Knative Is CNCF Incubating Project
March 3, 2022
The
CNCF Technical Oversight Committee (TOC) has voted to accept Knative as
a CNCF incubating project.
Knative is an open source, Kubernetes-based platform for building,
deploying, and managing serverless and event-driven applications. It
helps development teams manage, monitor, and operate Kubernetes in a way
that requires less technical knowledge and time.
Knative was founded in 2018 by Google and subsequently developed in
close partnership with IBM, Red Hat, VMWare, and SAP. The project has
since grown thanks to the collaboration and contributions of more than
1,800 different individuals in the community.

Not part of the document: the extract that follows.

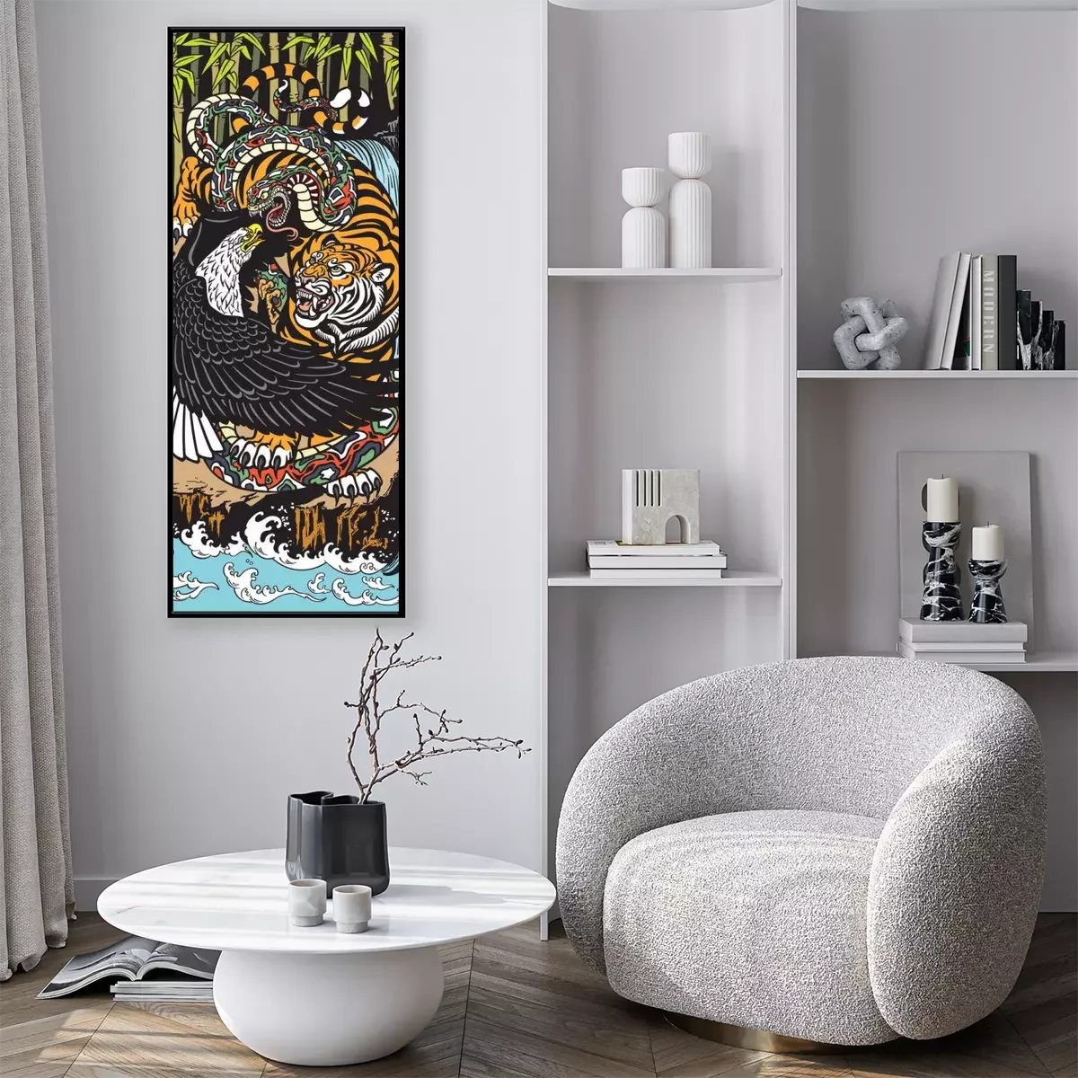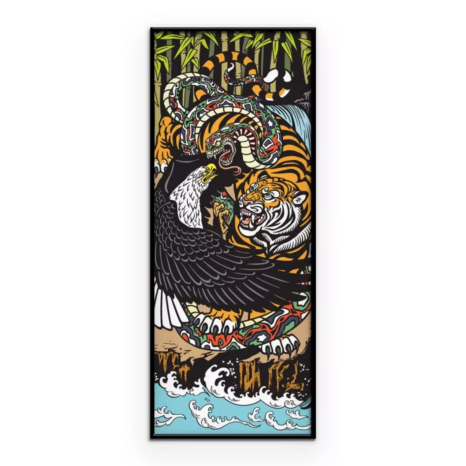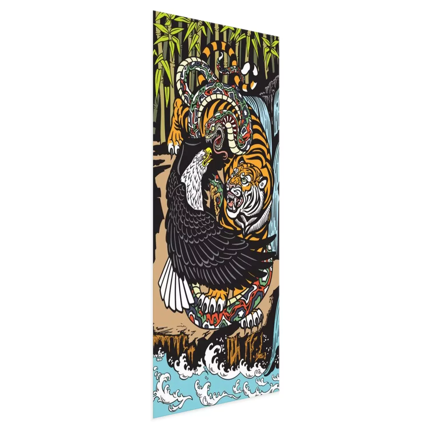 Poster: Tijger, slang en adelaar vechten tegen kleurrijke afbeeldingen

The project reached version 1.0 in November 2021, meaning all its
repositories are designated by the community to be stable and suitable
for commercial use. It is currently at v1.2, with periodic releases
happening every six weeks.
Knative already has many end users and is deployed as part of product
offerings from multiple companies. Production users include Alibaba
Cloud, Bloomberg, IBM, VMware, and more.
“Knative gives us a foundation of consistency,” said Andrew Webber,
Senior Software Engineer, deepc. “It should be possible for somebody
with an algorithm to have it on the [deepc] platform in an hour.”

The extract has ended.